__REQUIREMENT__. Of the lines in the material below, print only those from the one containing "Подсвечник - фонарь" to the one containing "- Versatile Five", ends included, exactly as written and without pictures.

[[ DATA FOR THIS TASK open ]]

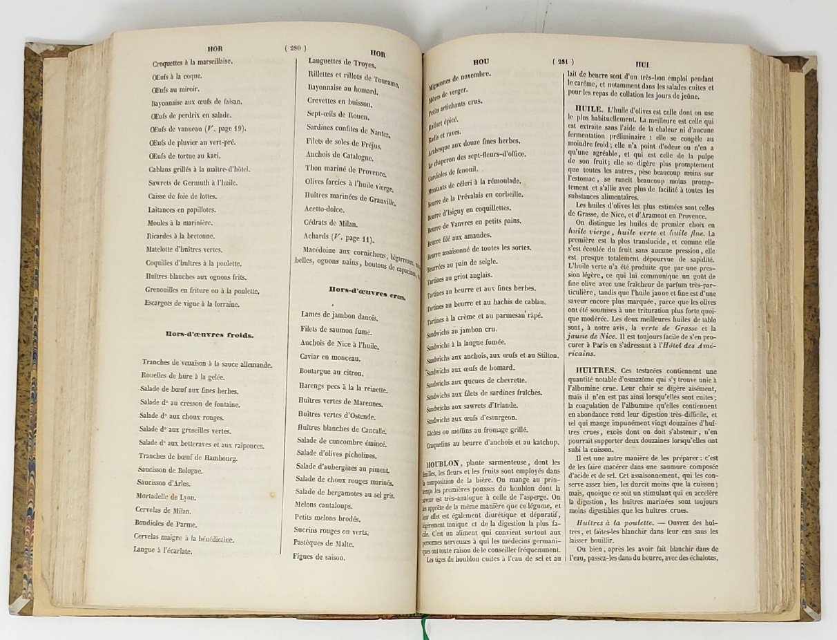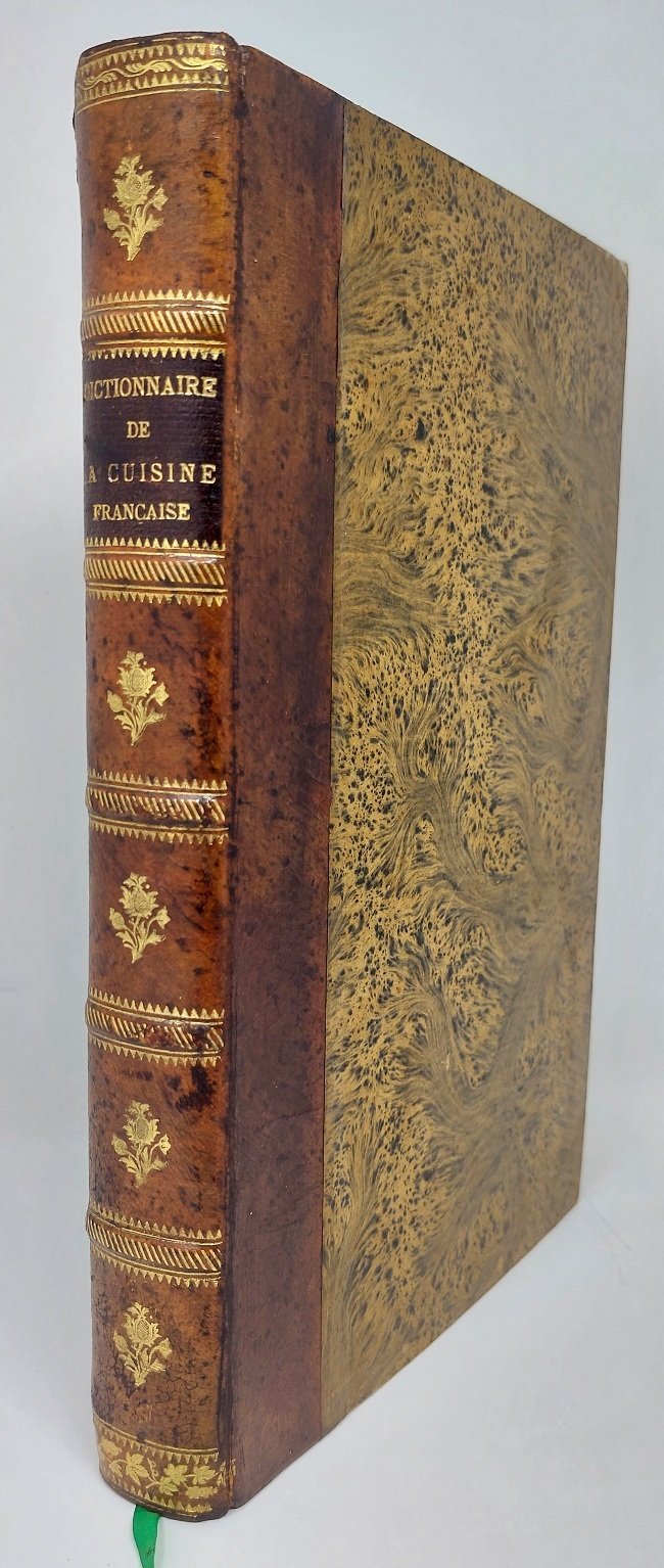 >in-8, pp. 635, testo su due colonne. Legatura coeva in m. pelle, dorso a nervi con fregi e titolo oro, piatti e sguardie in carta marmorizzata. Vasta e dettagliata visione della gastronomia di Francia nei secoli. Bell'esemplare. Bitting p.104.
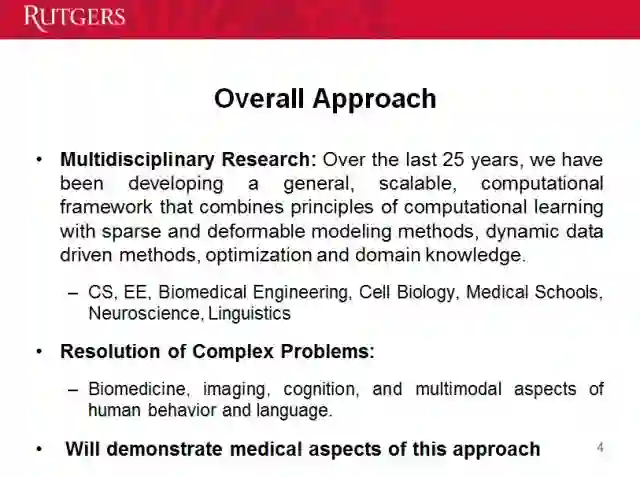 医疗数据分析对于新的医学发现、诊断改进和成本降低来说日益重要。本演讲将介绍一种已持续开发25年的通用可扩展的计算框架,它将计算学习、稀疏方法、混合范数、词典和稀疏性的原理与可变形建模方法结合在一起,应用于医学图像分析和计算机视觉领域中复杂的大规模问题中。
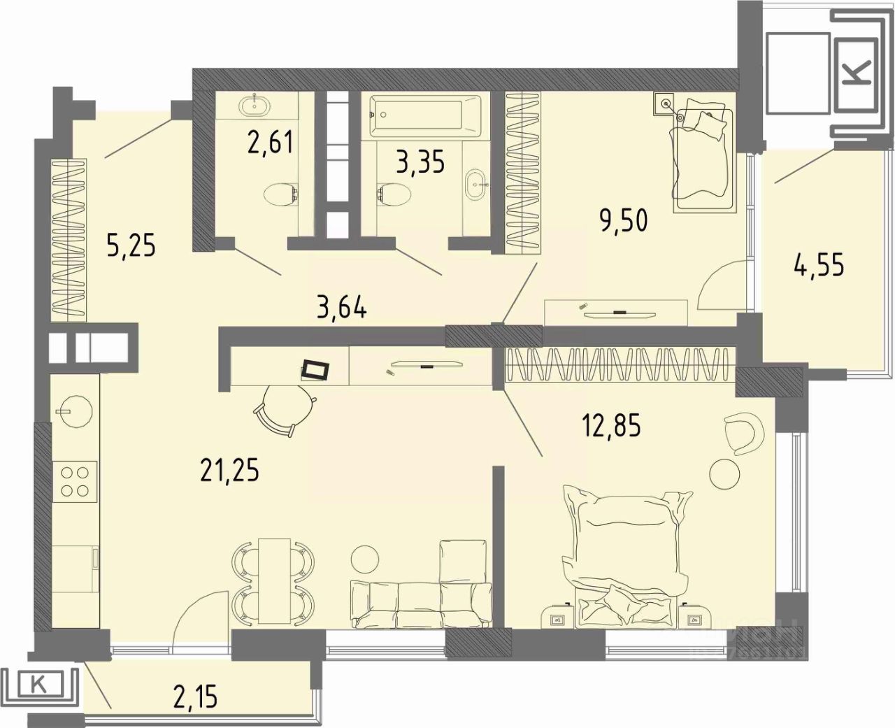 Общая площадь60,46 м2
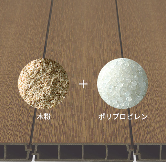 「リウッド」は、木粉と高硬度なポリプロピレンを配合した再生木です。
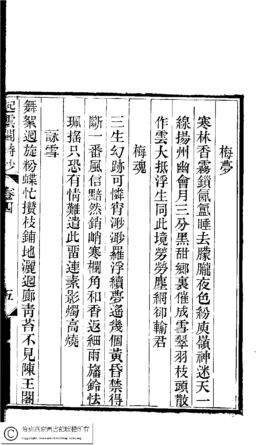 | (PRINT FRIENDLY VERSION) 京江鮑氏三女史詩鈔合刻(清戴燮元輯) : 起雲閣詩鈔。清光緖八年(1882) 刻本。 ![]() Page : 4.5a | click for larger image | Back |
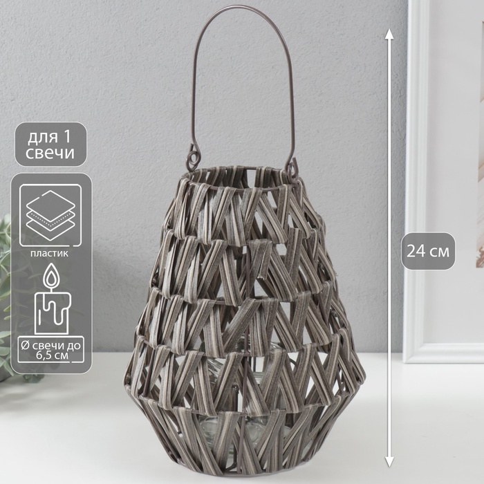 Подсвечник - фонарь на 1 свечу «Зигзаг», пластик, серый, 10×20×24 см
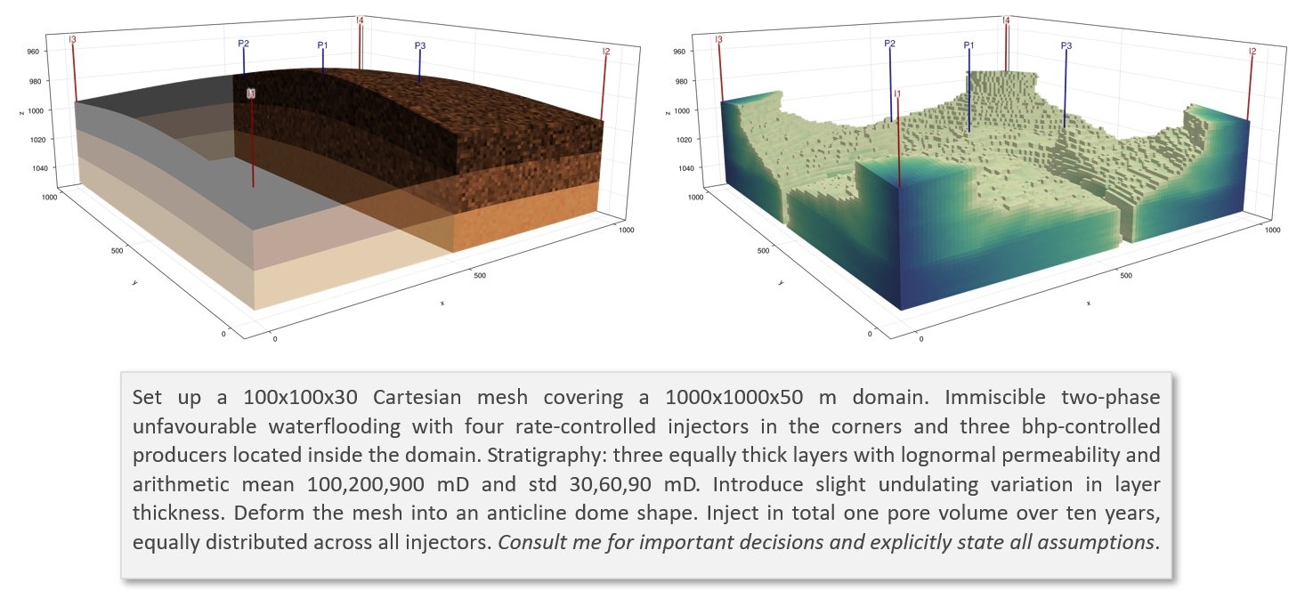Figure 9. Waterflooding scenario created by JutulGPT from a natural-language prompt. The prompt is shown below the results. The left panel shows the model geometry and heterogeneity; the right panel shows how water has spread through the reservoir after the injected water has reached the producers.
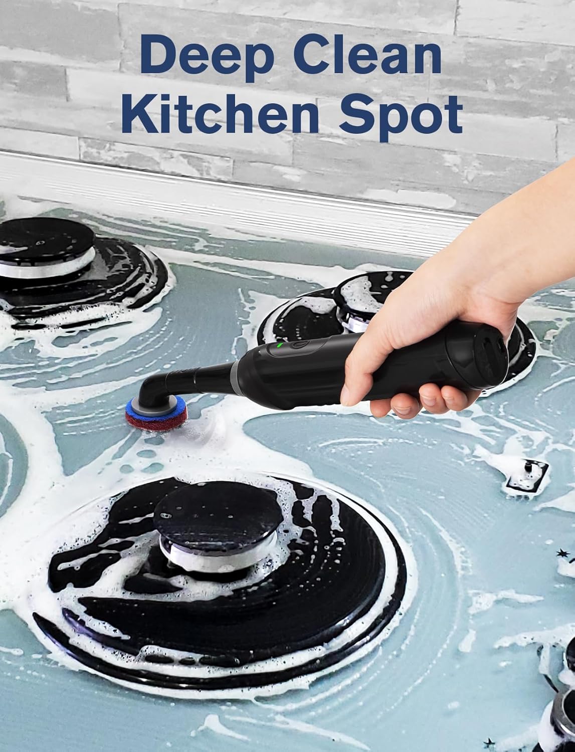 - Versatile Five Brush Heads Included: Envision the small kitchen gadgets delicately cleaning tight spaces, the soft bristle brush caressing utensils, the sticker pad for stove or kitchen; The grout brush head tackling stubborn grout stains, restoring the grout lines to their original brightness; The stainless steel wire brush heads made quick work of removing soap scum and grime from your tile floor, leaving them sparkling and shiny clean
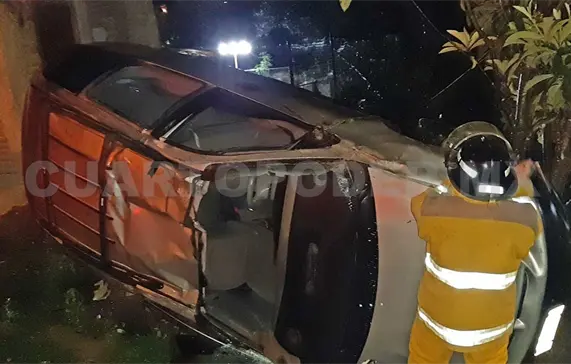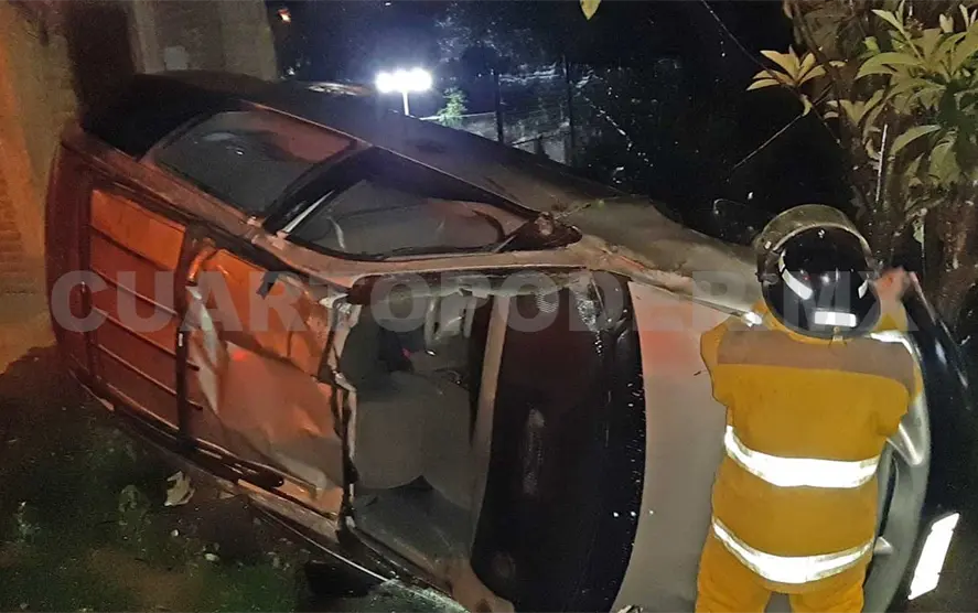 En el cruce perdió el control de la unidad y se salió de la vía, cayendo a un barranco de al menos siete metros, dando varias volteretas hasta quedar volcado sobre el costado derecho.

[[ DATA FOR THIS TASK closed ]]

__SOLUTION TO THE EXERCISE__.
 Подсвечник - фонарь на 1 свечу «Зигзаг», пластик, серый, 10×20×24 см
Figure 9. Waterflooding scenario created by JutulGPT from a natural-language prompt. The prompt is shown below the results. The left panel shows the model geometry and heterogeneity; the right panel shows how water has spread through the reservoir after the injected water has reached the producers.
 - Versatile Five Brush Heads Included: Envision the small kitchen gadgets delicately cleaning tight spaces, the soft bristle brush caressing utensils, the sticker pad for stove or kitchen; The grout brush head tackling stubborn grout stains, restoring the grout lines to their original brightness; The stainless steel wire brush heads made quick work of removing soap scum and grime from your tile floor, leaving them sparkling and shiny clean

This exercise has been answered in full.